Abstract
Several steroids, norethisterone, norethynodrel, estradiol, progesterone, testosterone propionate and 2α-hydroxymethylene-17α-methyl-dihydrotestosterone were injected subcutaneously once daily for 12 days into hypophysectomized immature female rats to demonstrate their direct effects on the gonadal morphology. The effects of 2 19-norsteroids, norethisterone and norethynodrel, are either quantitatively or qualitatively different from each other and from those of the naturally occurring sexagens such as estradiol, progesterone and testosterone.
The characteristic changes produced by norethisterone are the fluid retention under ovarian capsule, the appearance of many primary follicles in the ovaries and the typical secretory changes in uterine endometrium with glandular proliferation.
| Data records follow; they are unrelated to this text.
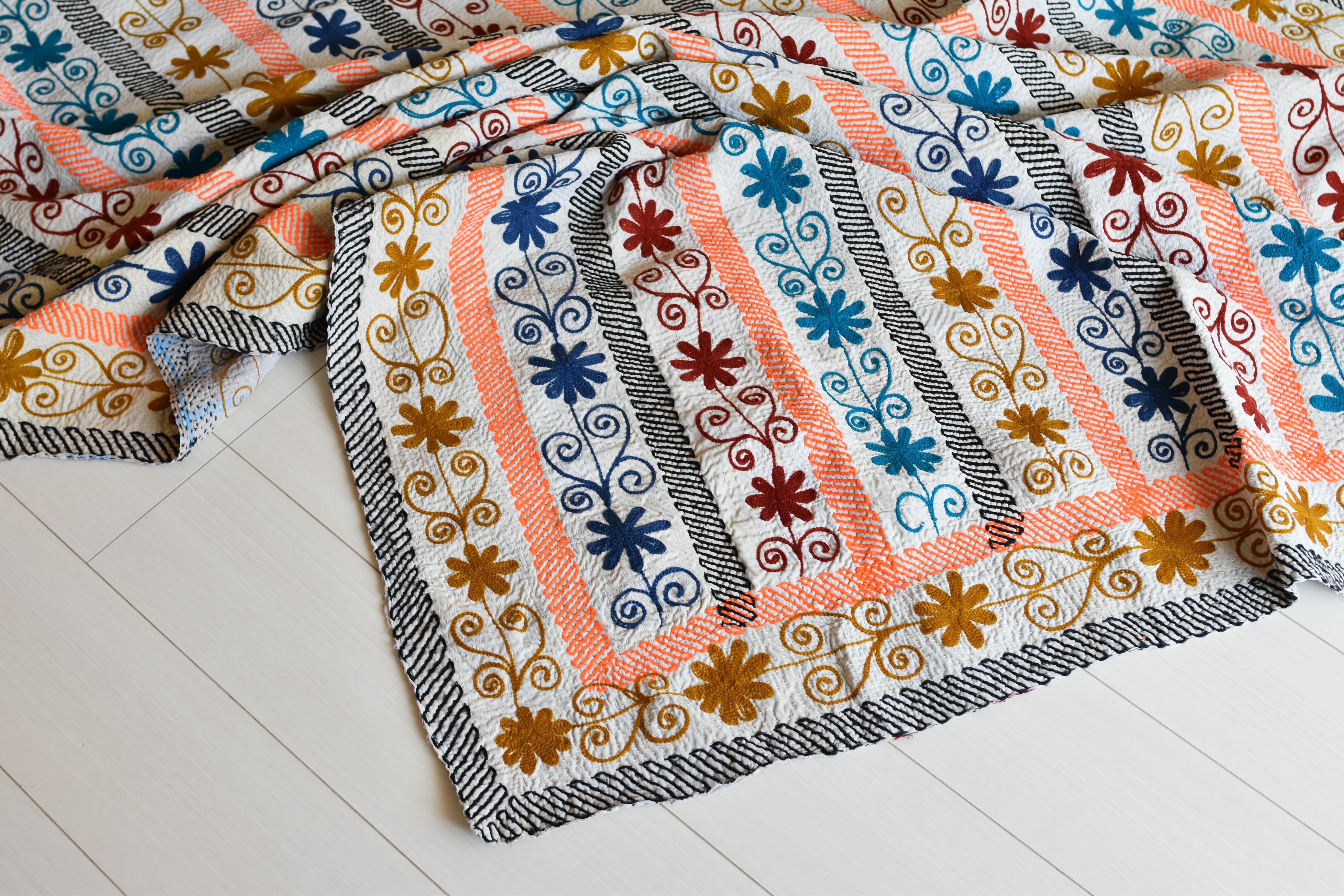 アースカラーの色糸で施されたお花模様の刺繍がとてもハンサム!一見カラフルなのに、黒のラインスティッチが引き締まった印象を与えて全体的に大人っぽくまとまっています。地の色は真っ白ではなく生成り色のような色味をしています。中厚手でしっかりとした一枚です。
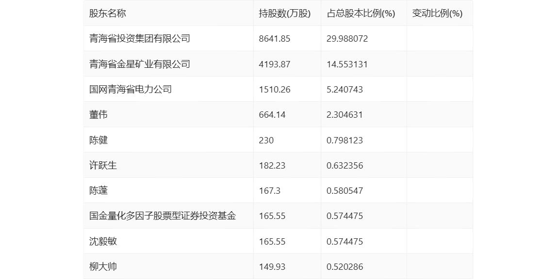 值得注意的是,根据年报数据,金瑞矿业29.27%股份处于质押状态。其中,第一大股东青海省投资集团有限公司质押8436.03万股公司股份,占其全部持股的97.62%。
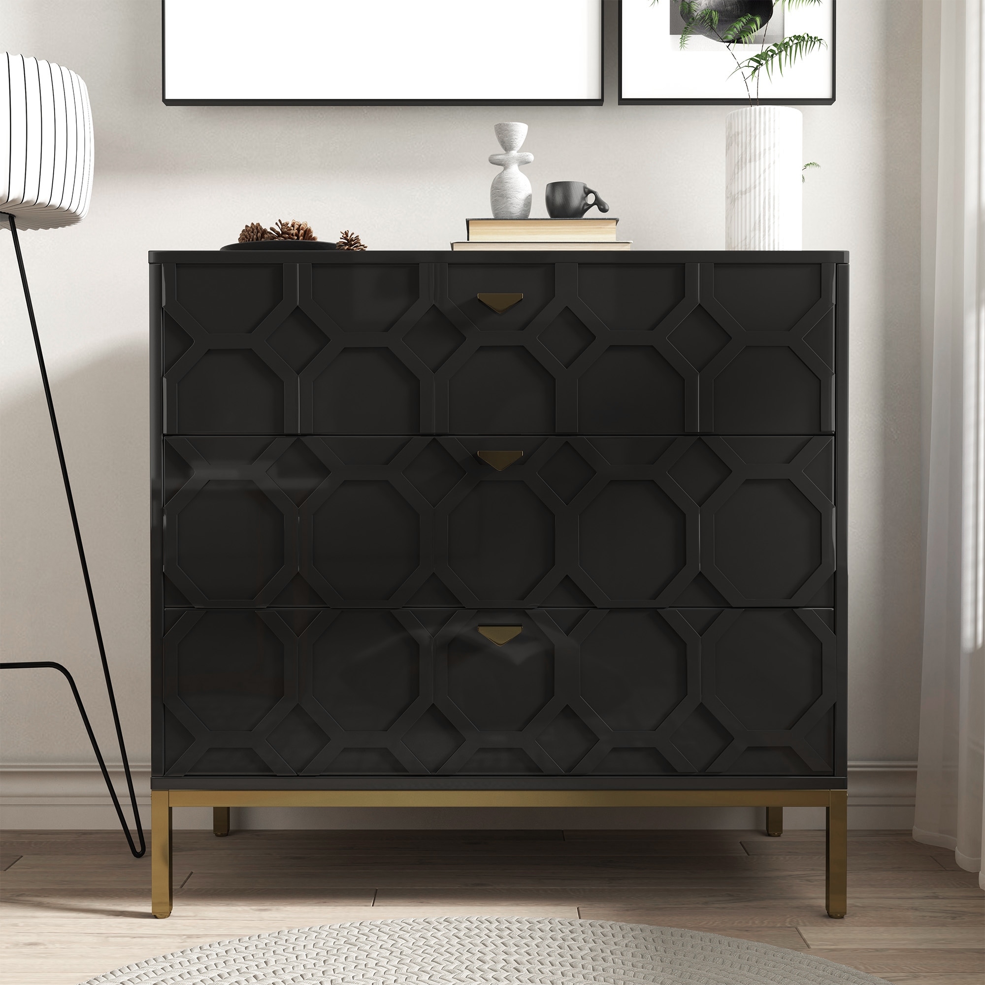 Clihome Modern Wooden Glossy 3-Drawer Storage Chest

However, norethisterone does not alter the reactivity of ovaries to gonadotrophins which increase the ovarian weights and produce superovulation in hypophysectomized immature female rats.
It is, therefore, difficult to support the assumption that norethisterone, one of the ovulation inhibiting agents, might have a property to depress the ovarian function, degenerate the ovarian follicles or decrease the ovarian reactivity to gonadotrophins and thus act as an anti-fertility agent. It is, therefore, concluded that the ovulation-inhibiting or anti-fertility effect of norethisterone is most likely due to the inhibition of pituitary gonadotrophin secretion.